Artemis II just hit a major milestone. The spacecraft and its four-person crew have officially entered the Moon's sphere of influence, meaning lunar gravity is now the dominant force acting on the craft. That transition happened about 39,000 miles from the Moon, a little over four days into the mission.
The real headline moment comes tomorrow. Orion will loop around the far side of the Moon, pushing astronauts Reid Wiseman, Christina Koch, Victor Glover, and Canadian Space Agency astronaut Jeremy Hansen to 252,757 miles from Earth. That beats the Apollo 13 distance record by over 4,000 miles. These are also the first humans to cross the lunar threshold since Apollo 17 in 1972.

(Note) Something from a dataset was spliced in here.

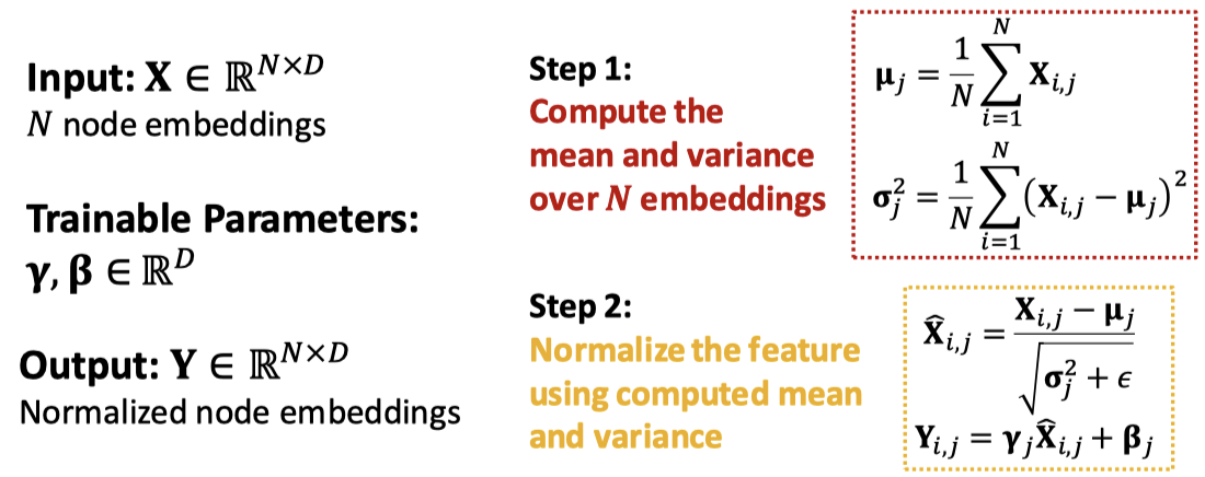 배치 정규화의 목적은 신경망을 안정시키는 것이다. 노드 임베딩의 배치가 주어졌을 때, 평균을 0, 분산을 1로 만든다.

The crew has been busy prepping for the flyby, running manual piloting demonstrations, reviewing science objectives for a six-hour lunar observation window, and evaluating their space suits. Those suits aren't for a moonwalk on this mission. They're there for life support in case of emergency and for the trip home.
Orion is expected to reach the Moon's vicinity shortly after midnight on Monday, April 6. The lunar observation period kicks off at 2:45 PM ET, and a few hours after that, the crew will slip behind the Moon and briefly lose all communication with Earth. The closest approach to the lunar surface is scheduled for 7:02 PM ET, when the spacecraft will be just 4,066 miles from the Moon.

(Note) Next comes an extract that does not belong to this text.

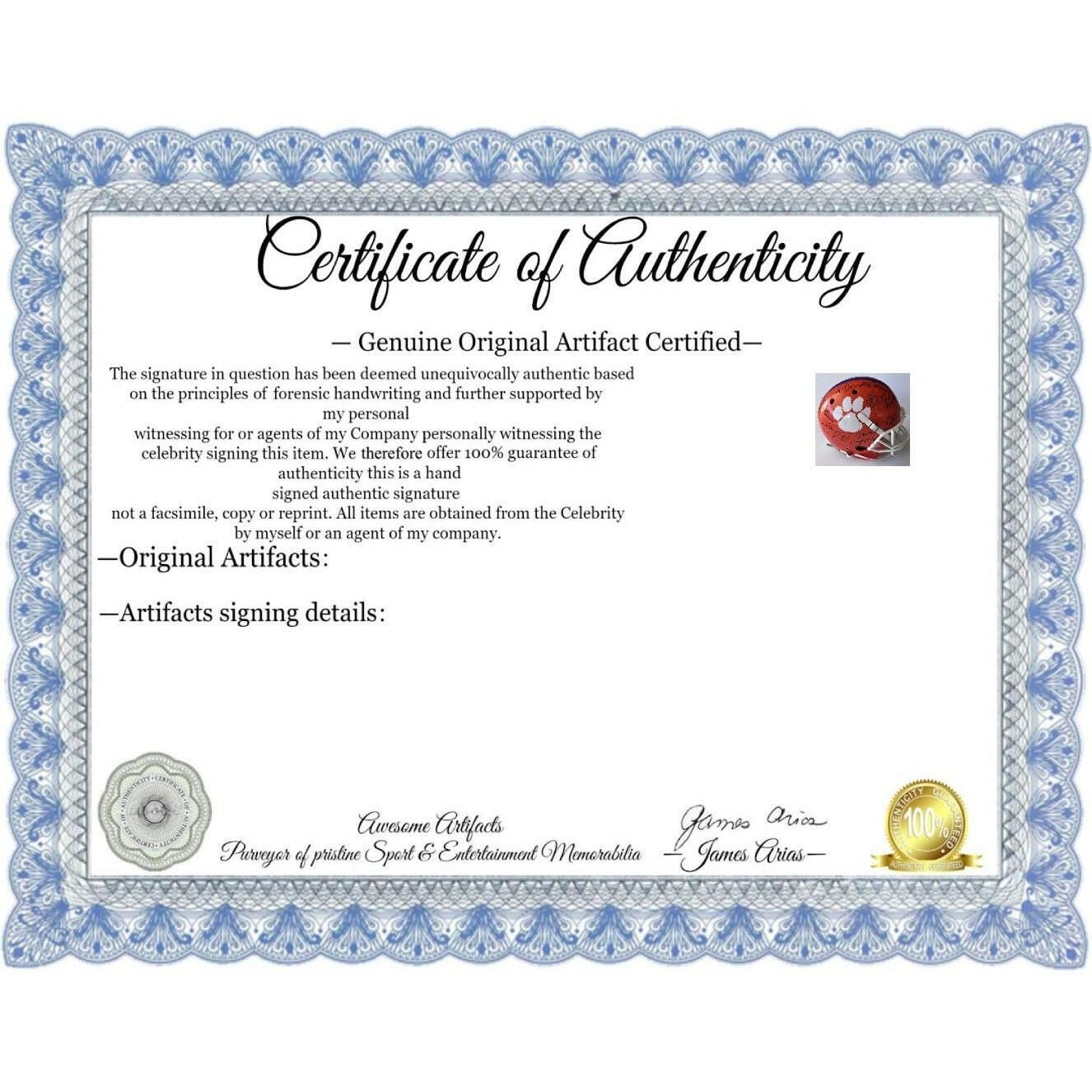 and with your certificate I will provide specific details date and location of where I obtained the signature(s). The nice thing here is I do not offer an opinion of authenticity rather you receive a guarantee of authenticity which I am able to offer as I have witnessed the items which I am offering actually being signed by the sports figure or celebrity.

NASA says the crew will see the entire disk of the Moon at once from that distance, including regions near the north and south poles. They'll also get to witness something wild: a solar eclipse from space, as Orion, the Moon, and the Sun align so the astronauts watch the star disappear behind the Moon for about an hour.

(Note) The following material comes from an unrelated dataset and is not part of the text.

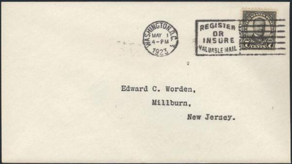 by Washington, DC 1 May 1923 slogan cancel on "Worden" FDC to Millburn, NJ. VF (Image)

Between the science and the navigation milestones, the crew has also had time to simply look out the window. The latest images from NASA show the astronauts gazing back at Earth through the Orion spacecraft's windows. Sometimes the view is the point.
So why does a Moon flyby matter to people building with AI and shipping products? Artemis II is a proof-of-concept mission for the entire Artemis program, which aims to establish a sustained human presence on and around the Moon. That kind of infrastructure eventually creates massive demand for autonomous systems, robotics, and AI-driven mission planning. The tools being tested now will shape the tech stack for deep space operations for decades. NASA's live coverage of the flyby starts at 1 PM ET if you want to watch history happen in real time.